Multivariate testing along a tree
Developed by Gabriel Hoffman
Run on 2024-06-12 13:32:06.159255
Source:vignettes/crumblr_treeTest.Rmd
crumblr_treeTest.Rmd
Load and process single cell data
Here we perform analysis of PBMCs from 8 individuals stimulated with
interferon-β Kang, et
al, 2018, Nature Biotech. We perform standard processing with dreamlet
to compute pseudobulk before applying crumblr
.
library(dreamlet)
library(muscat)
library(ExperimentHub)
library(scater)
# Download data, specifying EH2259 for the Kang, et al study
eh <- ExperimentHub()
sce <- eh[["EH2259"]]
# only keep singlet cells with sufficient reads
sce <- sce[rowSums(counts(sce) > 0) > 0, ]
sce <- sce[, colData(sce)$multiplets == "singlet"]
# compute QC metrics
qc <- perCellQCMetrics(sce)
# remove cells with few or many detected genes
ol <- isOutlier(metric = qc$detected, nmads = 2, log = TRUE)
sce <- sce[, !ol]
# set variable indicating stimulated (stim) or control (ctrl)
sce$StimStatus <- sce$stim
# Since 'ind' is the individual and 'StimStatus' is the stimulus status,
# create unique identifier for each sample
sce$id <- paste0(sce$StimStatus, sce$ind)
# Create pseudobulk data by specifying cluster_id and sample_id
# Count data for each cell type is then stored in the `assay` field
# assay: entry in assayNames(sce) storing raw counts
# cluster_id: variable in colData(sce) indicating cell clusters
# sample_id: variable in colData(sce) indicating sample id for aggregating cells
pb <- aggregateToPseudoBulk(sce,
assay = "counts",
cluster_id = "cell",
sample_id = "id",
verbose = FALSE
)
Standard crumblr
analysis
Apply standard crumblr
analysis to transform data and
apply a linear (mixed) model, followed by empirical Bayes moderated
statistics.
library(crumblr)
# crumblr transformation using
# cellCounts() to extract counts from pseudobulk
cobj <- crumblr(cellCounts(pb))
# Use dream workflow to analyze each cell separately
fit <- dream(cobj, ~ StimStatus + ind, colData(pb))
fit <- eBayes(fit)
# extract top results
topTable(fit, coef = "StimStatusstim")
## logFC AveExpr t P.Value adj.P.Val B
## Dendritic cells 0.32516900 -2.1849234 1.0895217 0.2923251 0.823424 -4.590653
## CD14+ Monocytes -0.12437220 1.2698117 -0.9560159 0.3535191 0.823424 -4.685558
## B cells -0.09825871 0.5516882 -0.6779201 0.5076669 0.823424 -4.746255
## NK cells 0.08494553 0.3797777 0.5814645 0.5691622 0.823424 -4.753355
## CD4 T cells -0.07763160 2.0201947 -0.4732415 0.6425378 0.823424 -4.900413
## CD8 T cells -0.16431725 0.0857175 -0.3892080 0.7023377 0.823424 -4.758201
## FCGR3A+ Monocytes 0.06580754 -0.2567492 0.3460969 0.7338531 0.823424 -4.734622
## Megakaryocytes 0.04681137 -1.8655172 0.2268978 0.8234240 0.823424 -4.635391
Multivariate testing along a tree
We can gain power by jointly testing multiple cell types using a
multivariate statistical model, instead of testing one cell type at a
time. Here we construct a hierarchical clustering between cell types
based on gene expression from pseudobulk, and perform a multivariate
test for each internal node of the tree based on its leaf nodes. The
results for the leaves are the same as from topTable()

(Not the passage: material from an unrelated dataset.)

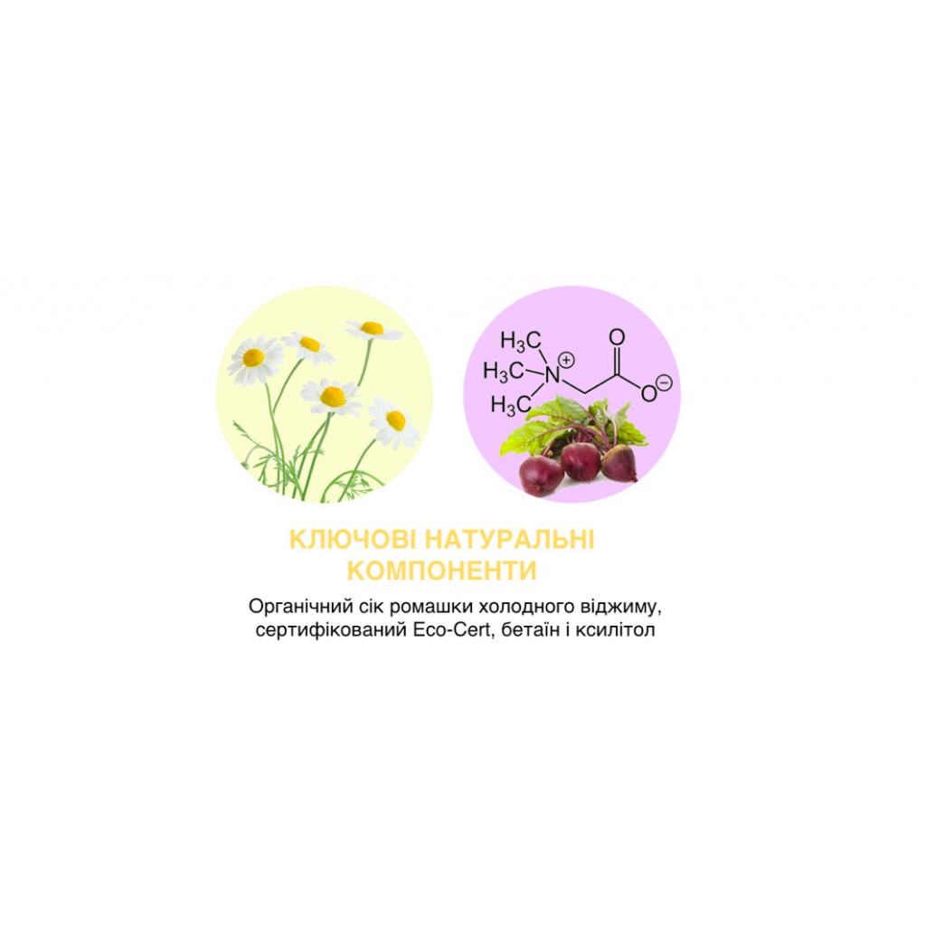 Органічний сік ромашки, бетаїн і ксилітол забезпечують глибоке зволоження та живлення для підтримки здоров'я шкіри голови та волосся.
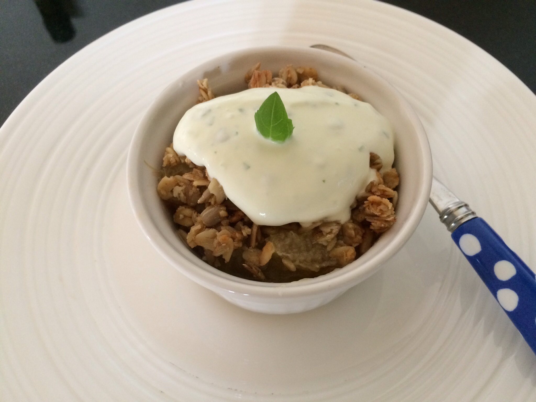 Still loving the fresh English rhubarb that’s in season I bought 4 sticks today to make a super quick crumble. I’m flavouring it with basil, the two go so well together, and making a basil cream to top it off. The crumble mix couldn’t be easier, and gives a bit of crunch to the topping. Flavouring the cream with a little basil adds even more summer flavour to the pudding.

above. At each internal node treeTest()
performs a fixed
effects meta-analysis of the coefficients of the leaves while modeling
the covariance between coefficient estimates. In the backend, this is
implemented using variancePartition::mvTest()
and remaCor
package.
# Hierarchical clustering of cell types
# The tree is based on similarity between cell types
# based on gene expression
hcl <- buildClusterTreeFromPB(pb)
# Perform multivariate test across the hierarchy
# Specify coefficient to test
res <- treeTest(fit, cobj, hcl, coef = "StimStatusstim")
# Plot hierarchy and testing results
# Adjust xlim() until text fits in window
plotTreeTest(res) + xlim(0, 7)
In this example, no result passes the multiple testing cutoff.